◆ **Assignment**: Look below for the line that contains "보스웰리아를 먹는 방법은" and the line that contains "Edytor tapety: Dom wśród jesiennych drzew", then restate both of them and every line in between, exactly. No picture goes in the copy.

◆ **Supplied data**:
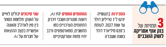 בסך הכול מעריכים כלכלני הבנק שתחומי הבינה המלאכותית (AI) השונים יגדלו משיעור של 22.1% מהמכירות ב־2024 ליותר משליש מהמכירות ב־2027. במקביל, שוק ציוד השבבים יצמח בשנים הקרובות מכ־105 מיליארד דולר ב־2024 עד קרוב ל־138 מיליארד דולר ב־2027. נזכיר ששוק זה כולל בין היתר את החברות הישראליות נובה וקמטק, שמייצרות ציוד לבדיקת תהליכי הייצור של שבבים.
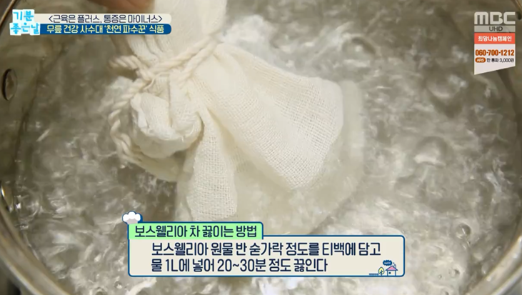 보스웰리아를 먹는 방법은 요즘은 알약 형태로도 나오지만 보스웰리아 가루를 이용해서 보통 차로 많이 끓여드시는데요, 보스웰리아를 잘못 끓이게 되면 주전자에 눌러 붙는 등 낭패를 볼 수 있으니 끓이는 방법을 숙지하셔야 합니다. 보스웰리아 5g~10g을 물 1.5L 에 넣고 끓이면 되는데, 끓일 때는 부직포에 보스웰리아를 넣어 끓여주어야 주전자에 눌러 붙지 않습니다. 처음에 강한 불로 끓이다가 약한 불로 줄여 30분 정도를 끓여줍니다.
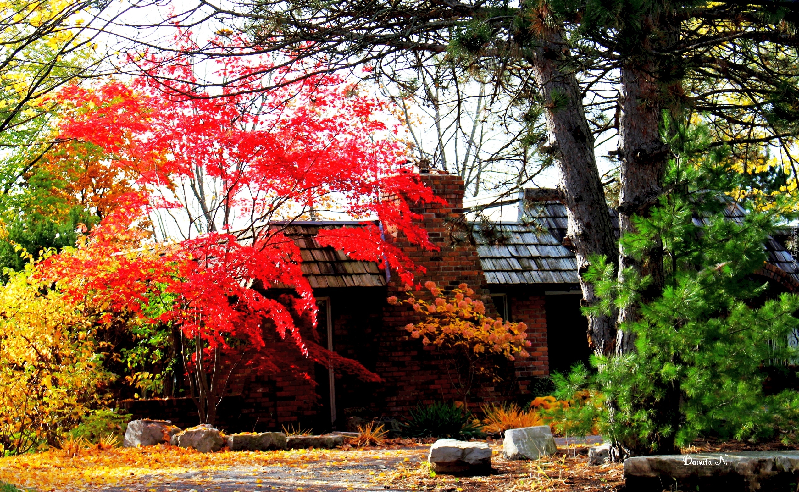 Edytor tapety: Dom wśród jesiennych drzew
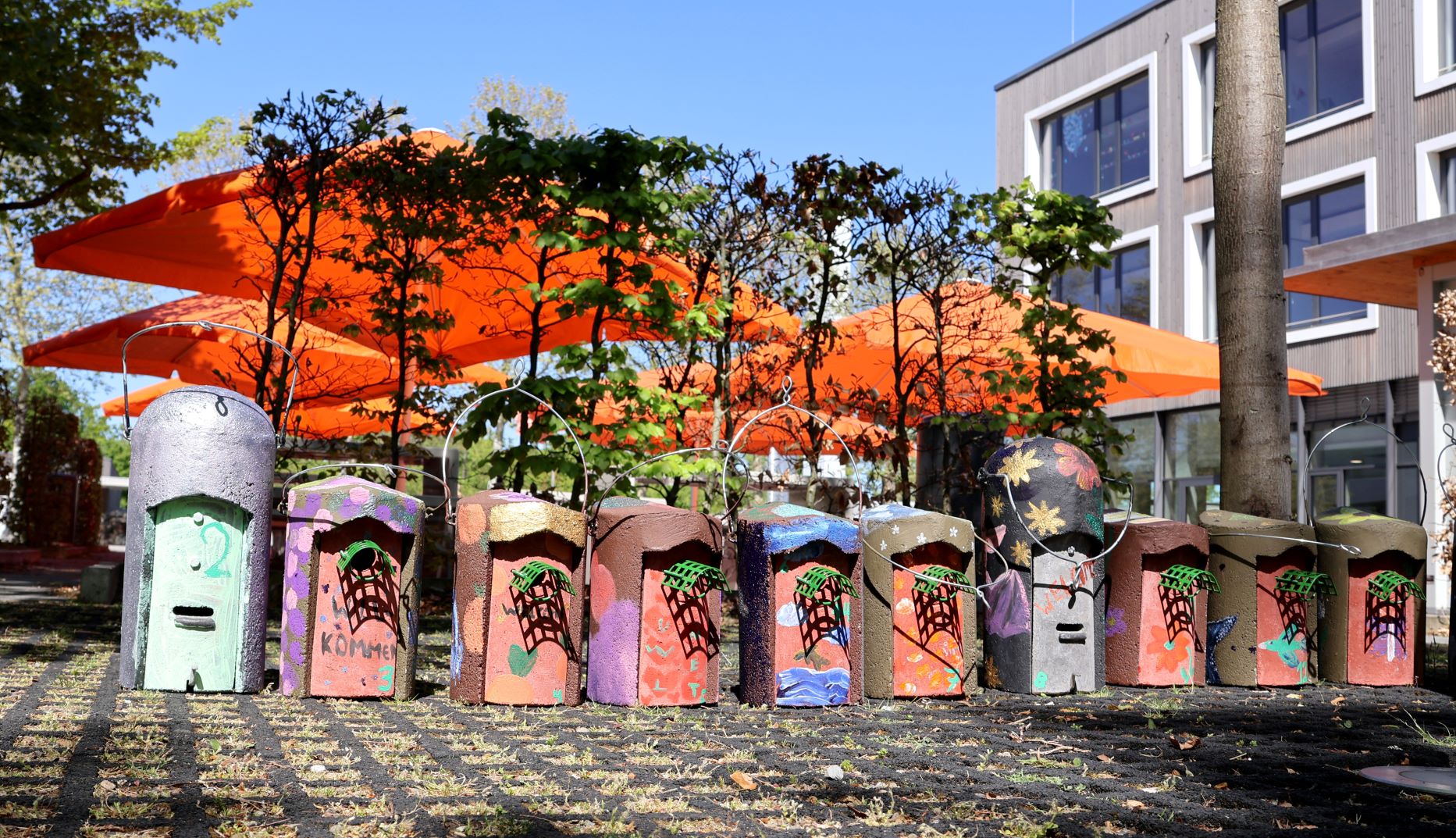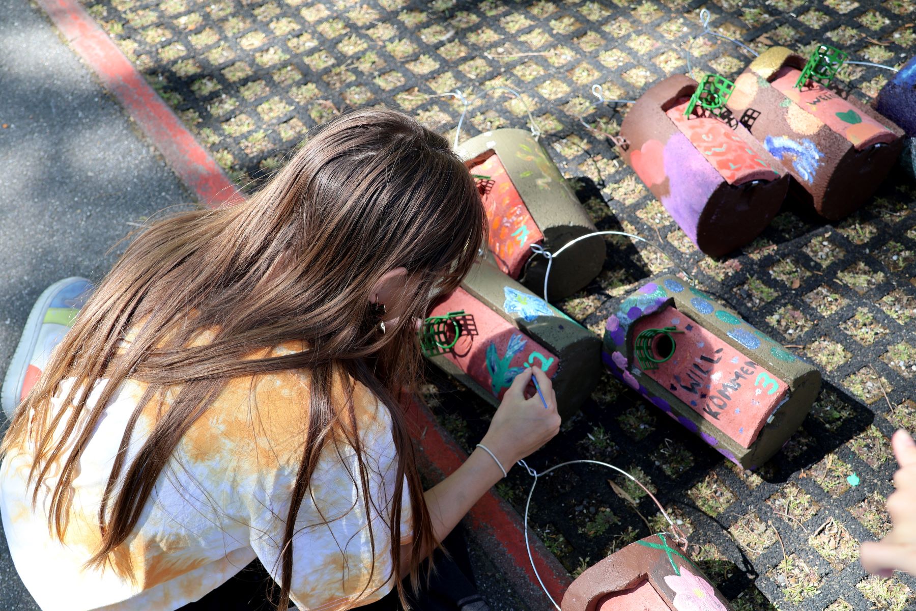 Die Umwelt AG des Walldorfer Gymnasiums hat gute Arbeit geleistet – da sind sich alle einig. Die Kinder und Jugendlichen haben die 14 Nisthilfen für Vögel und Fledermäuse während der AG-Zeit liebevoll und kreativ bemalt. Etwa zehn Schülerinnen und Schüler ab der siebten Klasse engagieren sich regelmäßig in der Arbeitsgemeinschaft, die von der Lehrerin Jasmin Wunderlich geleitet wird.
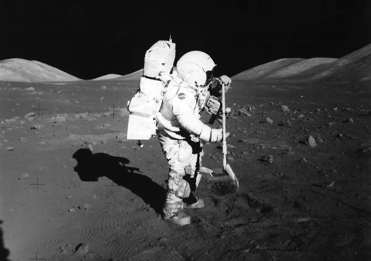 Ein 80 Kilogramm schwerer Astronaut wiegt auf dem Erdtrabanten nur rund 13 Kilogramm (im Bild Harrison Schmitt, der 1972 als letzter Mensch den Mond betrat).Bild 2 von 7 | Foto: picture-alliance / dpa/dpaweb
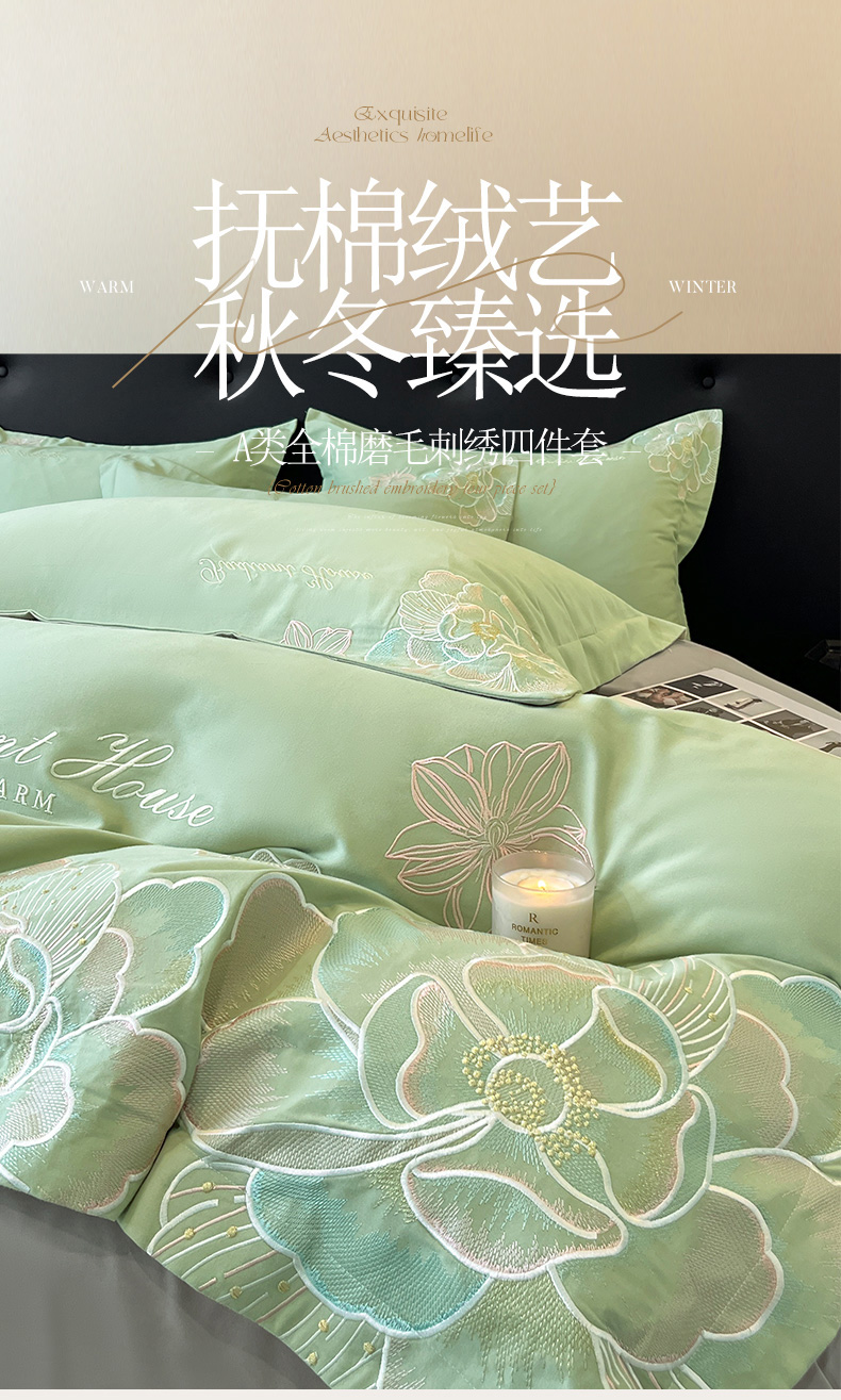 当前位置: 91家纺网 > 商品网购 > 床品套件 > 四件套 > 磨毛活性四件套 > 笙意家纺 2025新款A类全棉磨毛刺绣四件套-秘境系列 秘境-春野绿+陨石灰
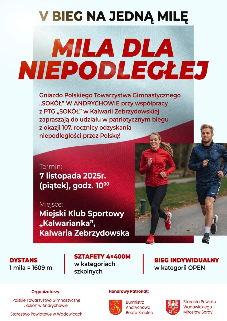 Już w najbliższy piątek, 7 listopada o godz. 10:00, wystartuje V Sokoli Bieg na Jedną Milę – „Mila dla Niepodległej”, organizowany przez PTG „Sokół” w Andrychowie we współpracy z PTG „Sokół” w Kalwarii Zebrzydowskiej. Wydarzenie odbędzie się na stadionie MKS Kalwarianka w Kalwarii Zebrzydowskiej i – jak co roku – połączy sport z patriotyzmem.
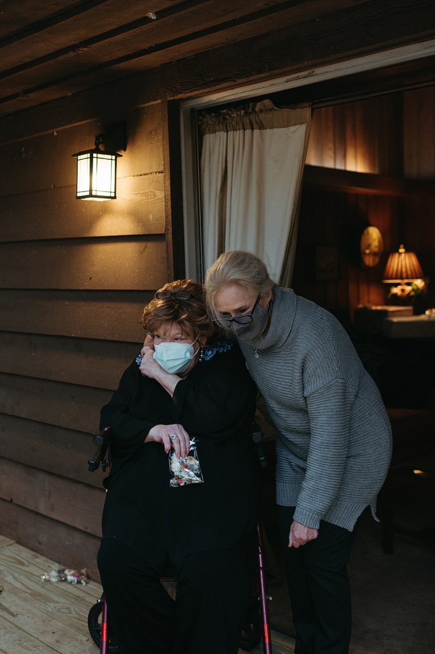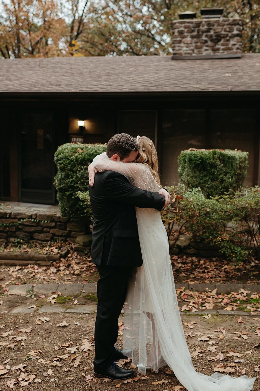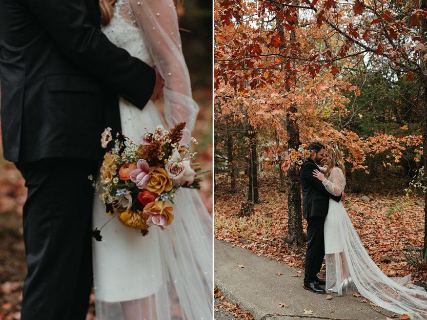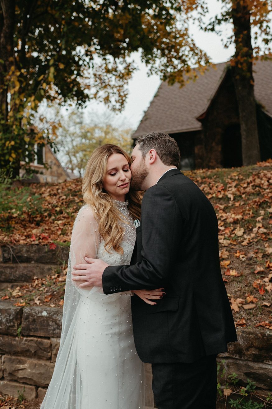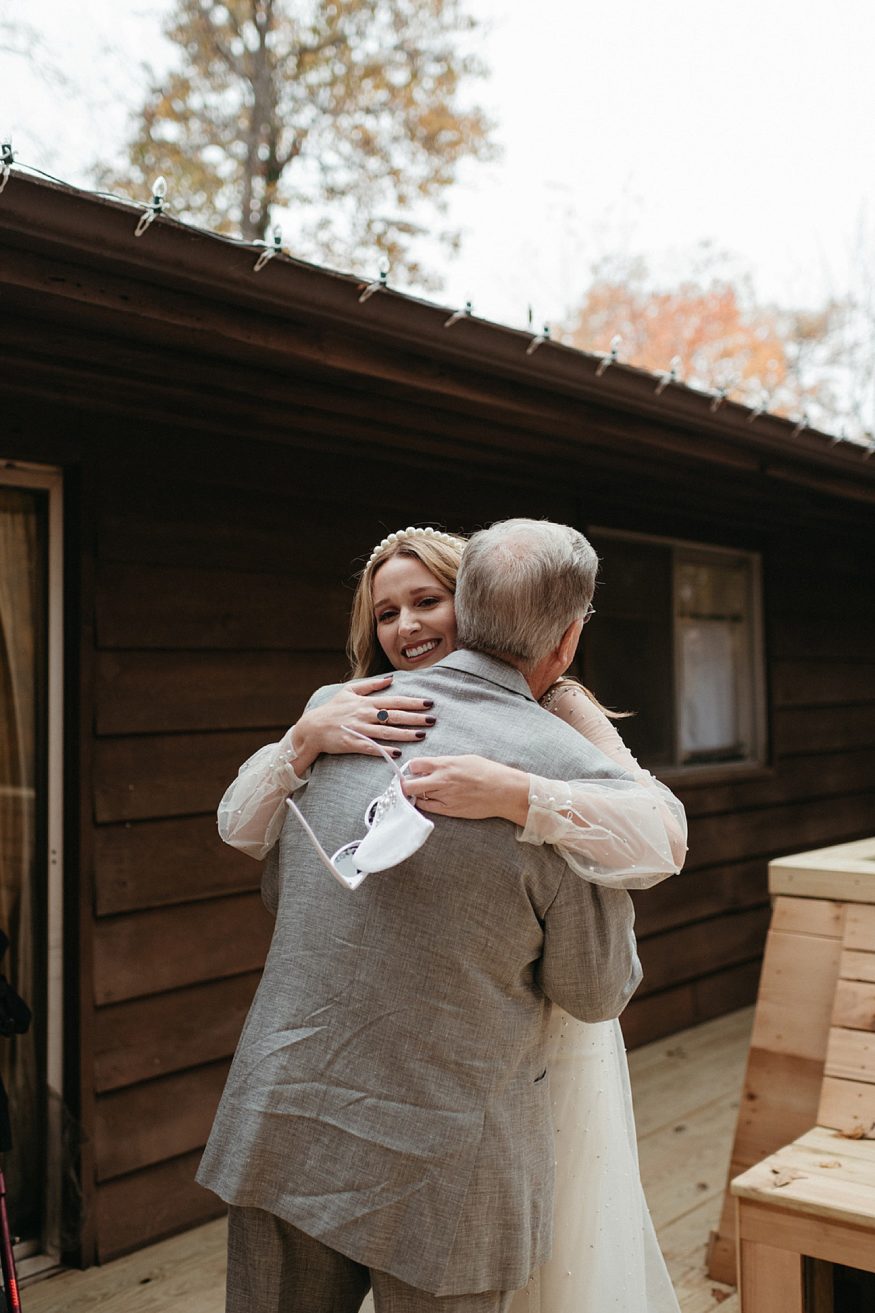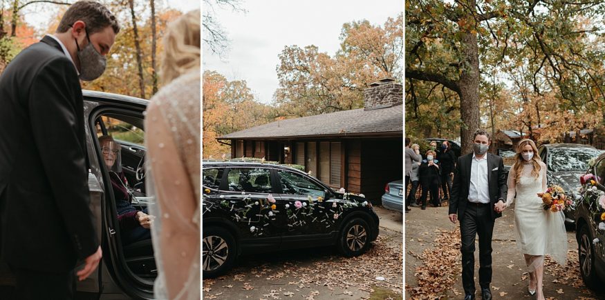 A: Patrick bought a traditional black suit and pocket square but opted out of wearing a tie to keep that laid back look/feel. He was wearing green socks with our dog, Lotte’s face on them. My dress was purchased at Tesori Bridal in Fayetteville. I wanted something different but still traditional. My mother’s dress was a long sleeved high neck wedding gown. When I found this tulle dream with long sleeves and a high neck overlay I knew this was fate. It’s embellished with rhinestones and pearls cascading down from the neck to the long train. I purchased the white dress underneath and silver shoes separately. Since the dress was so much tulle I thought a veil would be too much and wore a pearl headband instead. During the reception I wore a white faux fur jacket, white wide brimmed hat, and changed into white booties.Due to COVID our friends mom made us custom face masks, mine including some of the rhinestones and pearls off of my dress.
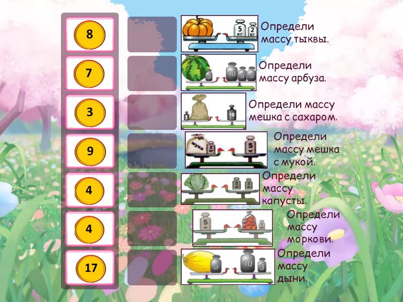 Определи массу моркови., Определи массу мешка с мукой., Определи массу капусты., Определи массу арбуза., Определи массу дыни., Определи массу мешка с сахаром., Определи массу тыквы.,
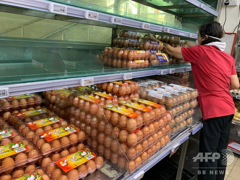 政府は国民に冷静を呼び掛け、チャン・チュンシン(Chan Chun Sing)貿易産業相は「主要な食料品や必需品が不足する恐れはない」とフェイスブック(Facebook)に投稿し、買いだめに走る必要はないと訴えた。(c)AFP

◆ **Output of the exercise**:
 보스웰리아를 먹는 방법은 요즘은 알약 형태로도 나오지만 보스웰리아 가루를 이용해서 보통 차로 많이 끓여드시는데요, 보스웰리아를 잘못 끓이게 되면 주전자에 눌러 붙는 등 낭패를 볼 수 있으니 끓이는 방법을 숙지하셔야 합니다. 보스웰리아 5g~10g을 물 1.5L 에 넣고 끓이면 되는데, 끓일 때는 부직포에 보스웰리아를 넣어 끓여주어야 주전자에 눌러 붙지 않습니다. 처음에 강한 불로 끓이다가 약한 불로 줄여 30분 정도를 끓여줍니다.
 Edytor tapety: Dom wśród jesiennych drzew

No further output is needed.